Marissa menjalankan mobilnya menuju cafe, ia memesan satu ice cappucino ukuran large. Ia menunggu pesanannya, saat pesanannya telah jadi ia segera kembali ke Rumah Sakit.
Namun di koridor ruang inap Azka, dari kejauhan Marissa melihat dokter dan suster yang tergesa-gesa dan masuk ke dalam ruang inap Azka. Marissa mengernyitkan dahinya, ia segera melangkahkan kakinya menuju ruang inap Azka.
Ia menyimpan cappucino nya di bangku yang berada di dekat ruang inap Azka, ia mondar-mandir sembari menunggu dokter dan suster keluar dari ruang inap Azka.
Hingga yang ia tunggu pun tiba, dokter keluar dari ruang inap Azka.

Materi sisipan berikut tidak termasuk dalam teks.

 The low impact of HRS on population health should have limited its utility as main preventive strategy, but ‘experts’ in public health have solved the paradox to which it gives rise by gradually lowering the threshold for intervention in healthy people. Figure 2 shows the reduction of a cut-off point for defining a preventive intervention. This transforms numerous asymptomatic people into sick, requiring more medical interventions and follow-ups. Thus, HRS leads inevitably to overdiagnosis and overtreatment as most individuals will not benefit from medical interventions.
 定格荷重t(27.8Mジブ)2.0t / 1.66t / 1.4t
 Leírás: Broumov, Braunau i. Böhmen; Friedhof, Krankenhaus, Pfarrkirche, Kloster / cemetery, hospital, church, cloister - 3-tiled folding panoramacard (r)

Marissa segera menghampiri dokter dan menanyakan kondisi Azka.
“syukurlah pasien sudah siuman, namun kondisi pasien belum sepenuhnya stabil jadi kami akan selalu cek kondisi pasien.” Setelahnya dokter pun pergi, Marissa segera masuk ke dalam ruang inap Azka.
“Aka!"
"Are you okay? Gimana keadaan lo? Ada yang sakit?” mendengar pertanyaan yang bertubi-tubi dari Marissa membuat Azka terkekeh pelan.

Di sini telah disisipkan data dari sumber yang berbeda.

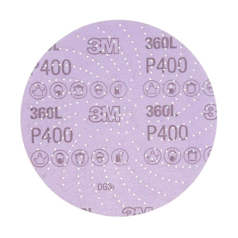 3M Xtract™ Film Disc 360L offers the latest innovation in dust evacuation. Multi-hole patterns evacuate dust better than 5- or 6-hole products—significantly increasing cut-rate and disc life. The new design does not need to align with the disc pad holes, making switching the discs fast, easy, and convenient. The 3M™ Hookit™ attachment system provides excellent backing support and further simplifies disc changes, optimizing disc life, while the film backing provides a consistent finish. The purple aluminum oxide disc comes in a variety of sizes and is available in a range of grades. Sandpaper discs cut better and last longer when dust isn't loading the cutting surface of the abrasives. Reducing dust is easier than ever with 3M™ clean sanding discs. An open coat means the abrasive grains have space between them so that sanding debris collects in the spaces rather than loading the cutting edge of the grains. The load resistant coating allows the disc to continue cutting even when sanding softwoods, paints, and other materials that would, otherwise, clog the disc and hinder sanding ability.

“hm, i'm okay Na. Calm down, gak usah panik gitu.” Sebuah tepukan kecil didapatkan oleh Azka.
“gimana gue gak panik?! Habis operasi, kondisi lo kritis. Bahkan sekarang aja kondisi lo belum stabil!”
“okay okay, i'm sorry udah buat lo panik. Tapi lo harus ingat, ketua Vandalas gak selemah itu,” ucap Azka dengan nada suara yang parau.
“gak selemah itu, konon. Noh suara lo aja lemas gitu!” Azka terkekeh pelan, lantas Azka meraih tangan Marissa dan ia genggam erat.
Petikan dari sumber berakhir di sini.